I remember being @ THAT city council meeting. That was more a (quoted as) "Jail." [from the viewing/perspective of drivers-by; of walkers-by] The (literally) neighbor eatery was the strongest supporter of the debate. It was much complained in the same as how Trump does: that not a patron was used for such 'work.' THAT issue was assured by Speakers/Citizens to be an element of the city council meeting.

*in response to Ken's 7:45pm) To add in my details FOR KEN: I know to there was a special BUMPER STICKER (red & black on white) of "BREAK THE BARS" handed out. With the red circle + diagonal line over the black vertical bars. This was much distributed from the locals. And passed out at the above City Council meeting I spoke of. IT WAS WANTED by Citizens that the "Split Pavilion" --- the title given by the city only to attract more tourists --- (as citizens said) "BE TORN DOWN." But knew it was very difficult to achieve. !! Imagine what the "jail" would have become, had (today's daily county society behavior of graffiti & homelessness been at the time of the "Split Pavilion" !! The homeless would have made REAL USE of it. Does anyone, here, remember of a "New York Artist" being used?

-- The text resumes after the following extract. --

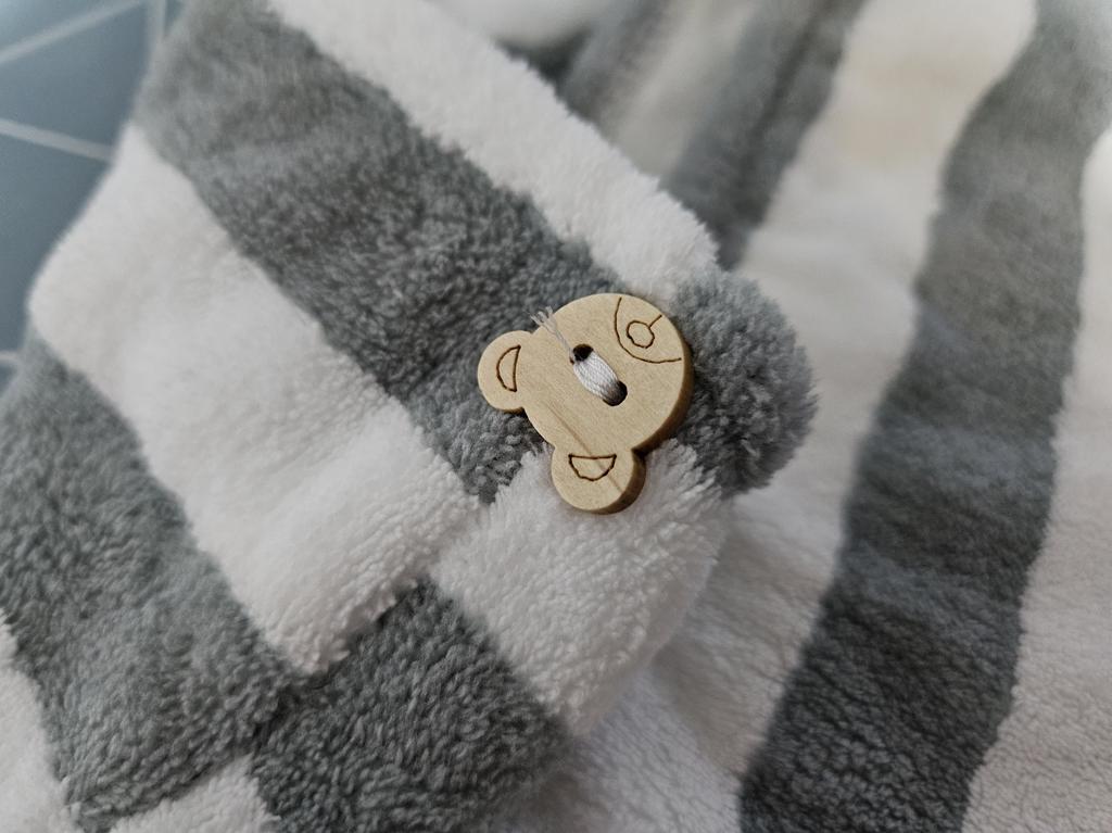 it looks smaller than the usual towels I get for some reasons, but when comparing I saw it's just a tiny bit shorter. cute bear as a button, I hope it will hold well

*'* -- an eatery of an outside culture -- is in Oceanside along with another coastal location; add the same Inland amount ---- all within the County. WILL they possibly be the NEXT, SIMILAR mess-up? Rather, Our Coast needs more classics like longtime Carlsbad's Harbor Fish Cafe (victim of the 'Bars)

a note to 'hscc' : Carlsbad Resident's ORIGINATING PETITIONER to the 'endless bummer' also known as "monkey bars' was Jim Watson. ---- To begin the debate.

(reply to) To John Lamb, way above: I hate how those who move hear from elsewhere complain about our weather. As in when the sun doesn't shine, etc. About the lack of rain, nearly all are in fault for that -- like anyone who drives a motor vehicle etc.
Eathquakes are just a bit of rocking and rolling: It's so interesting how some get so scared by such. California has not "broken apart from the rest of the country" --- as it was rumored decades ago. "To go into the ocean."

I guess John knows Califonia's gonna become an Island, afterall. I wonder what the state economy will turn into, at such condition. Relations with the mainlands. California's military access will change.